Wednesday, January 28, 2004

Comments on replacing Trippi on TAPPED


TAPPED: PERFECT STORM HITS BURLINGTON Neel's hiring reflects Gore's influence in the campaign. The former vice president has spoken to Dean several times since Iowa and helped to convince him to give Neel a higher profile. Gore has been critical of Trippi in these conversations, according to sources.

No word yet on whether or not Steve McMahon, Trippi's partner at Trippi, McMahon & Squier, and Dean's media advisor, will stay on.

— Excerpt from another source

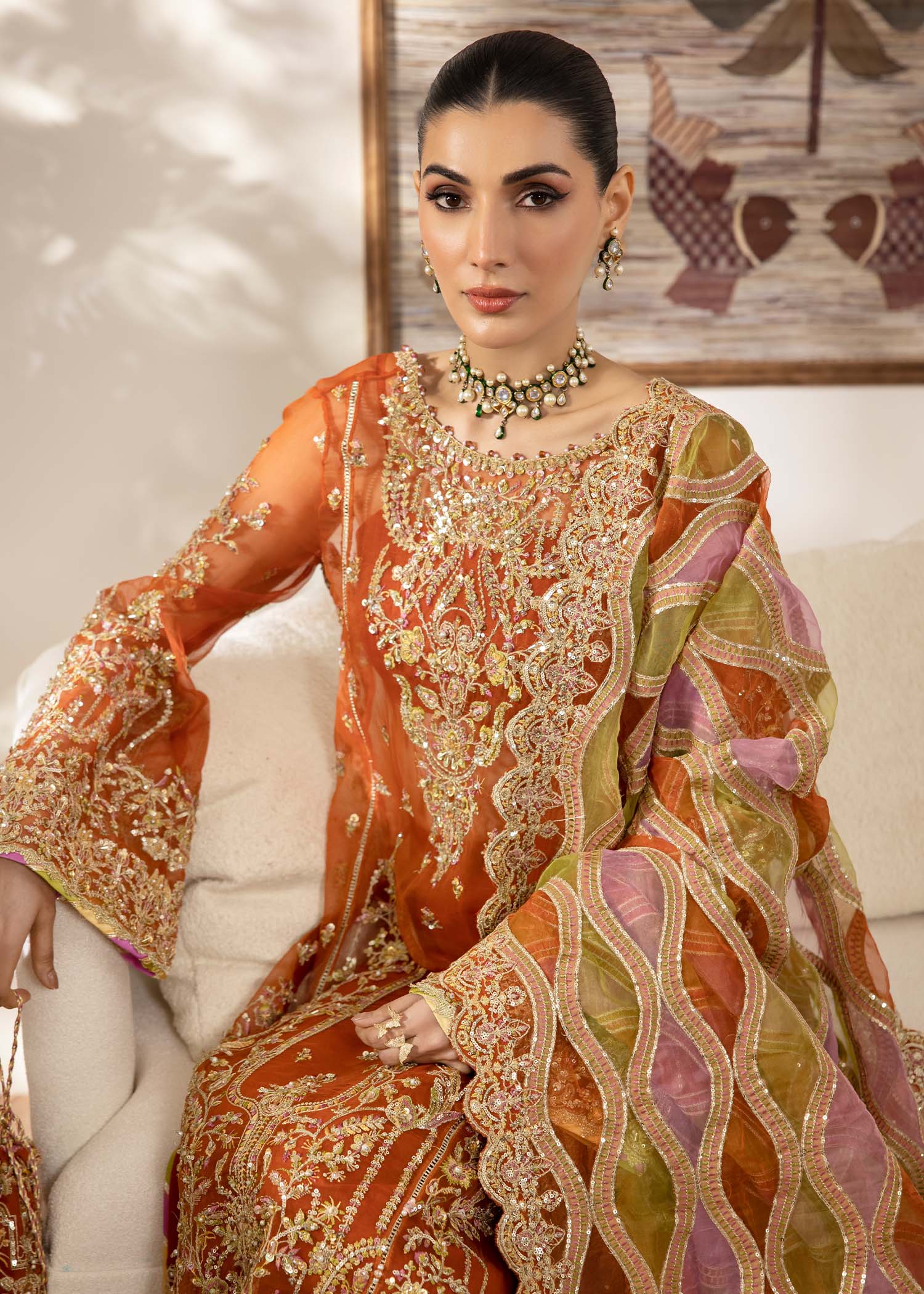 Roshail, A name that resonates with grace, modernity, and understated opulence—perfectly defines this exquisite ensemble, which masterfully blends time-honored craftsmanship with contemporary sophistication. The rust-hued short shirt is adorned with intricate chattapatti work, seamlessly infusing the design with rich, traditional artistry. Delicate lace accents further refine the garment, imparting an air of femininity and grace, while sculpting a flawless, elegant silhouette. The deep, earthy rust tone exudes warmth and refined charm, accentuating the meticulous craftsmanship and adding a sense of effortless luxury. Paired with the shirt are elegantly tailored culottes, their wide-leg cut offering an exquisite fusion of relaxed comfort and high-end chic. This modern, flattering fit ensures versatility, effortlessly transitioning from formal to semi-formal settings. Completing the ensemble is the striking multi-laser dupatta, its layered design infusing the look with dynamic depth and fluid movement, creating a compelling contrast against the solid rust of the shirt.
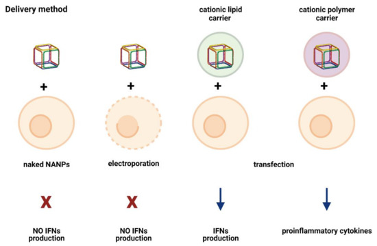 - Avila, Y.I.; Chandler, M.; Cedrone, E.; Newton, H.S.; Richardson, M.; Xu, J.; Clogston, J.D.; Liptrott, N.J.; Afonin, K.A.; Dobrovolskaia, M.A. Induction of cytokines by nucleic acid nanoparticles (NANPs) depends on the type of delivery carrier. Molecules 2021, 26, 652. [Google Scholar] [CrossRef]

But the campaign source said, "There's no one more politically inept I've ever seen than Steve McMahon," and blamed him for the campaign's terrible ads in Iowa.

According to Marc Ambinder, the former Dean embed at ABCNews.com, the relationship between Trippi and Dean soured after Iowa, where only around a third of the voters the campaign promised Dean showed up at caucus sites.

HOWARD'S END? None of this has to do with Trippi. Tactically and strategically, Trippi ran a brilliant campaign. He turned Dean from a dark horse into a frontrunner, and in doing so, changed politics forever, whether or not Dean wins. And it's especially odd that Dean would hire Neel as a replacement. Neel, a former Gore aide, is a classic K Street Democrat, a Beltway insider with a thriving career lobbying for the telecom industry. Those of Dean's hard-core supporters who aren't disillusioned by Trippi's firing will probably will be by Neel's hiring. More to the point, Neel's one of the guys who was in charge of Gore's lackluster 2004 campaign.

I find it interesting that while Dean has the gumption to do something decisive (if stupid) like firing Trippi, Wesley Clark seems to lack the wherewithal to something decisive (and probably smart) like firing some of the guys on his own campaign.